» **ACTIVITY**:
Instruction for the entries below: return the part that opens with the line containing "今日は、5年生が家庭科の学習" and closes with the line containing "② 本体に車軸を両端2cm出す様にアレンジワイヤーで縛り木工ボンドで固定する。", exactly, and no pictures.

» **EXTRACTED ENTRIES**:
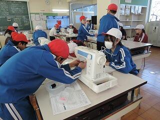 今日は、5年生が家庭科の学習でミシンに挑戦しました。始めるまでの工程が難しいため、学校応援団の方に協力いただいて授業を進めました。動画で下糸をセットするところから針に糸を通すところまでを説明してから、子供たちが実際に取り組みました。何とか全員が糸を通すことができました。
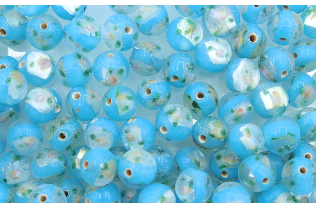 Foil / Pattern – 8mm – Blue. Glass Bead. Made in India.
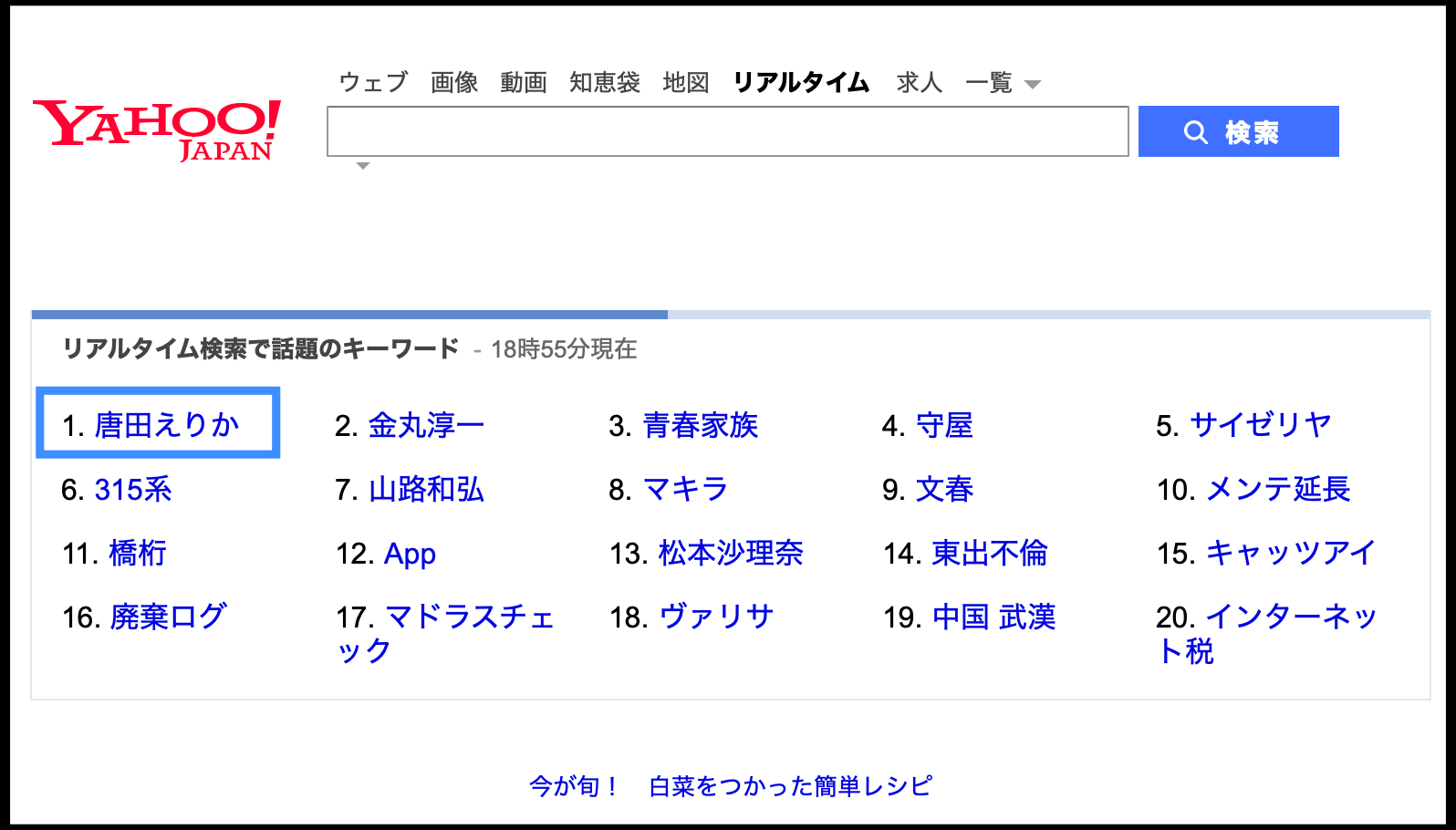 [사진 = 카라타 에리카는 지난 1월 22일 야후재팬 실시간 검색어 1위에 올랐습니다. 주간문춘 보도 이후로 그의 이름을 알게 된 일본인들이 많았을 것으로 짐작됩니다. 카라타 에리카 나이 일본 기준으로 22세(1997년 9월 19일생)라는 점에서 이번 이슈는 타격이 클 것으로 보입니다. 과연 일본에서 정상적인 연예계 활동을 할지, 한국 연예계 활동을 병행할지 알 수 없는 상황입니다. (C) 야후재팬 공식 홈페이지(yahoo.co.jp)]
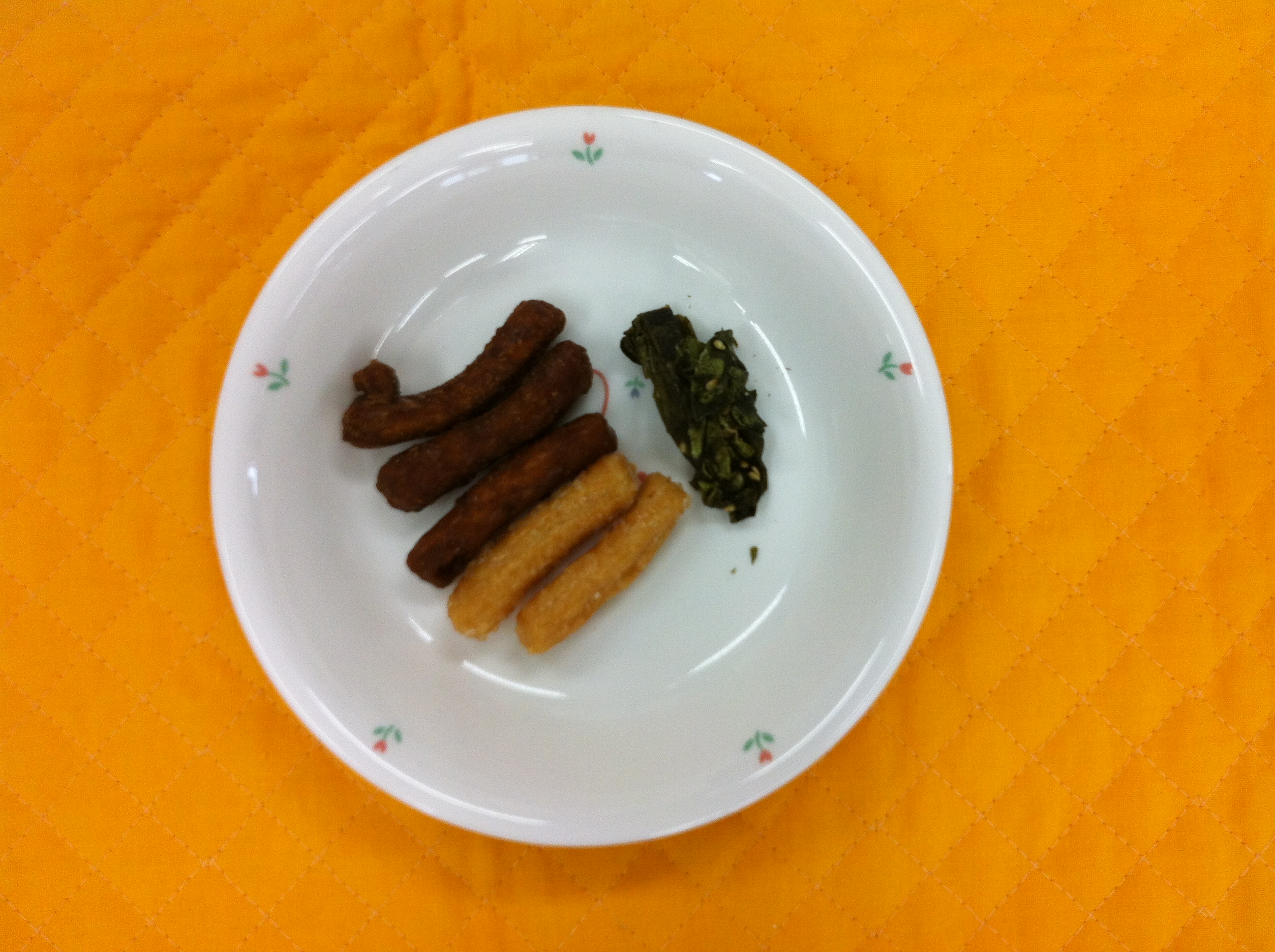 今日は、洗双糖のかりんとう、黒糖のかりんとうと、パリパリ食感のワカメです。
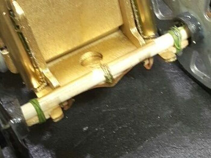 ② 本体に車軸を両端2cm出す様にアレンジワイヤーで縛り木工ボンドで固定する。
...
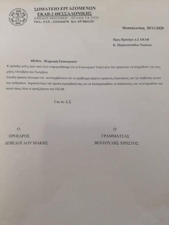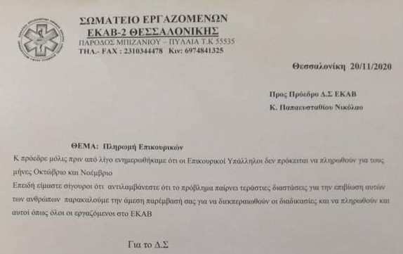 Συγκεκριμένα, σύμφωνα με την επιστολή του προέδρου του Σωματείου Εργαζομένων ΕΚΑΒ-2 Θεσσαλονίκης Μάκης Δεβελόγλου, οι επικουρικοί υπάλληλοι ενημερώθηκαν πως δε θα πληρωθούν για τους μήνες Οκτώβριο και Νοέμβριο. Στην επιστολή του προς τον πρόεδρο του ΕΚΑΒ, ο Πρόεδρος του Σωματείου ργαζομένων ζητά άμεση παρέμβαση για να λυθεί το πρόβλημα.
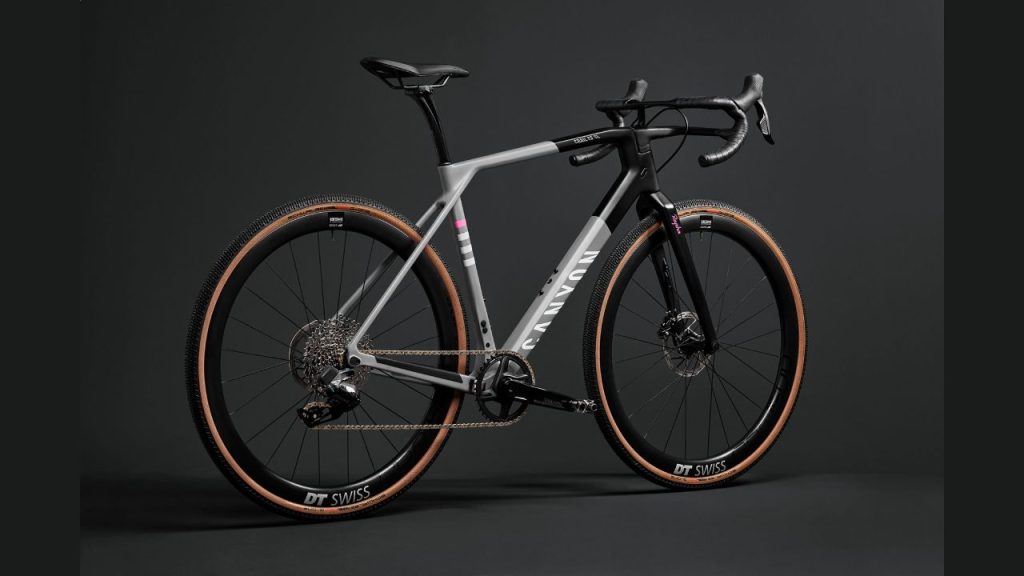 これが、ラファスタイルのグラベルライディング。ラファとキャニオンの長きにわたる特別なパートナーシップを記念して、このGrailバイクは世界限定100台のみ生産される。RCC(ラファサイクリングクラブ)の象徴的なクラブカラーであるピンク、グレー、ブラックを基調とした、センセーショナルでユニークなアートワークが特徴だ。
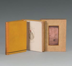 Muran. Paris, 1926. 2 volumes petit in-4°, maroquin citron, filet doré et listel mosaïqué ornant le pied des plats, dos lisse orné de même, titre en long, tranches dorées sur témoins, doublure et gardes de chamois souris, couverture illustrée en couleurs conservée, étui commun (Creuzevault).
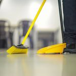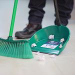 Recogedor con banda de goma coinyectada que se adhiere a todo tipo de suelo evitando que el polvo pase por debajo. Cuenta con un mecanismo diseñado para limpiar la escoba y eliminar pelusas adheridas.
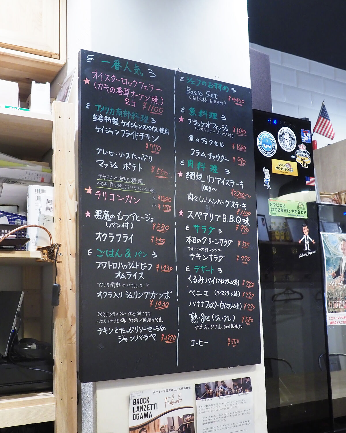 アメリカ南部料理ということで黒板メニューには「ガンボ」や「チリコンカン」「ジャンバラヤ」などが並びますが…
---
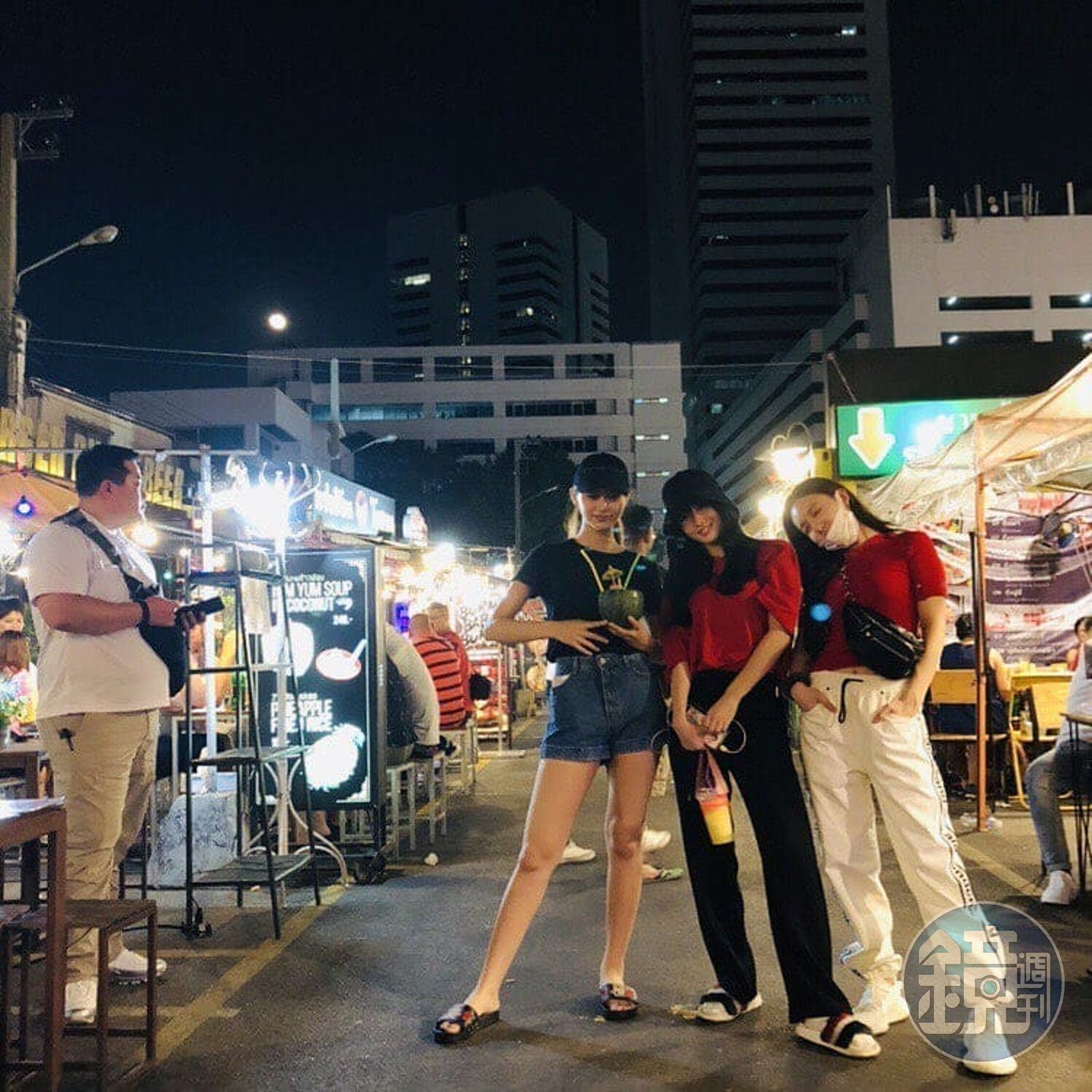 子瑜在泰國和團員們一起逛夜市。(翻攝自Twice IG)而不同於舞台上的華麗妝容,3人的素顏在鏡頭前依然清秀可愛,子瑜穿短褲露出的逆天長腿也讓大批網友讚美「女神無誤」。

» **SOLUTION**:
 今日は、5年生が家庭科の学習でミシンに挑戦しました。始めるまでの工程が難しいため、学校応援団の方に協力いただいて授業を進めました。動画で下糸をセットするところから針に糸を通すところまでを説明してから、子供たちが実際に取り組みました。何とか全員が糸を通すことができました。
 Foil / Pattern – 8mm – Blue. Glass Bead. Made in India.
 [사진 = 카라타 에리카는 지난 1월 22일 야후재팬 실시간 검색어 1위에 올랐습니다. 주간문춘 보도 이후로 그의 이름을 알게 된 일본인들이 많았을 것으로 짐작됩니다. 카라타 에리카 나이 일본 기준으로 22세(1997년 9월 19일생)라는 점에서 이번 이슈는 타격이 클 것으로 보입니다. 과연 일본에서 정상적인 연예계 활동을 할지, 한국 연예계 활동을 병행할지 알 수 없는 상황입니다. (C) 야후재팬 공식 홈페이지(yahoo.co.jp)]
 今日は、洗双糖のかりんとう、黒糖のかりんとうと、パリパリ食感のワカメです。
 ② 本体に車軸を両端2cm出す様にアレンジワイヤーで縛り木工ボンドで固定する。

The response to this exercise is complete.